Now, the feel. This is sad. It always is when someone with a great deal of pride ends up... like Azula is here, or something similar. It's sad and just utterly horrible, and not just for someone in Zuko's position; someone who has to witness the Fall (let's call it that). Because, when you think more about it, you really don't want to become like that yourself. No, you don't.

Otherwise, you writing was good - it flowed very nicely. The end seemed a little scattered though. I think that's mostly 'cause of the way you had arranged your sentences and paragraphs. For the most part it was alright, since this is an important moment and should be recognised as one. There is something like too much importance - if you make every single sentence important enough to garner their own paragraph, the whole text and the /really/ important parts lose that very thing you're trying to imply, and the whole formatting just becomes annoying.

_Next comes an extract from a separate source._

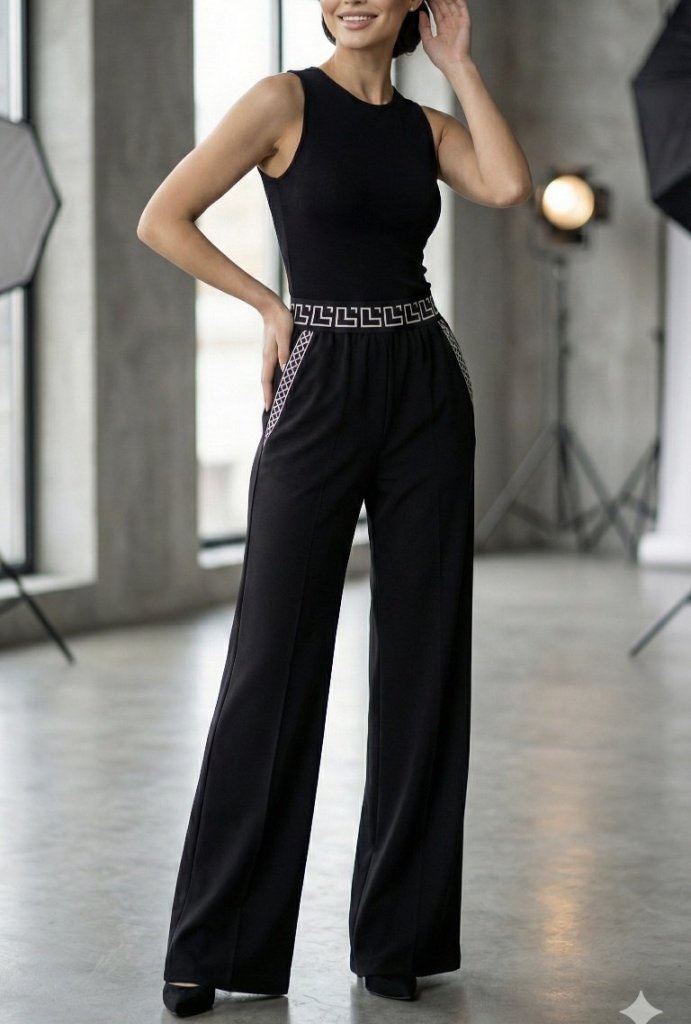 Kadın Yüksek Bel Beli Lastikli Genç Paçalı Ithal Krep Pantolon

Anyway, if you want an example then: "'Get off me! Get off me! I hate you! I hate your guts! Now get off me!'", and the following, "The princess swatted at his chest feebly, almost as if she weren't trying to get Zuko to stop hugging her.", would work better as a single paragraph, since the two are a part of the dialogue and the description connected to that dialogue. The same could be said about, "Zuko only hugged her tighter, causing her to break down.", and, "'I-I hate you Zuzu. I do.'", though with this latter one it isn't as... obvious. (My nitpicking self, so please ignore if you want.)

The somewhat-opposite is needed after the period in, "-some of that teenage eagerness still existed. 'Well, I wouldn't say that Azula is-" as there are two different... meanings and importances in that one paragraph. One is the change and maturity that Zuko has gained, even when he still is the "same" Zuko. The other one is the answer, the facts of how Azula is faring and what is it exactly that has made the doctor so tired. Plus, the subject/actor changes, which I think is enough for anyone to press that Enter key.

Grammatically and spelling-wise there was nothing great to fault you with. ("'Thank-you doctor for allowing-" Thank you is not one word, so you should take off the dash. Also, you should add commas to either side of the word "doctor" since it's used as a... how would I put it, as a name/title, and if it were to be taken off, the meaning of the sentence wouldn't change at all.)

All in all, you've done a very good job of writing this. I enjoyed reading it.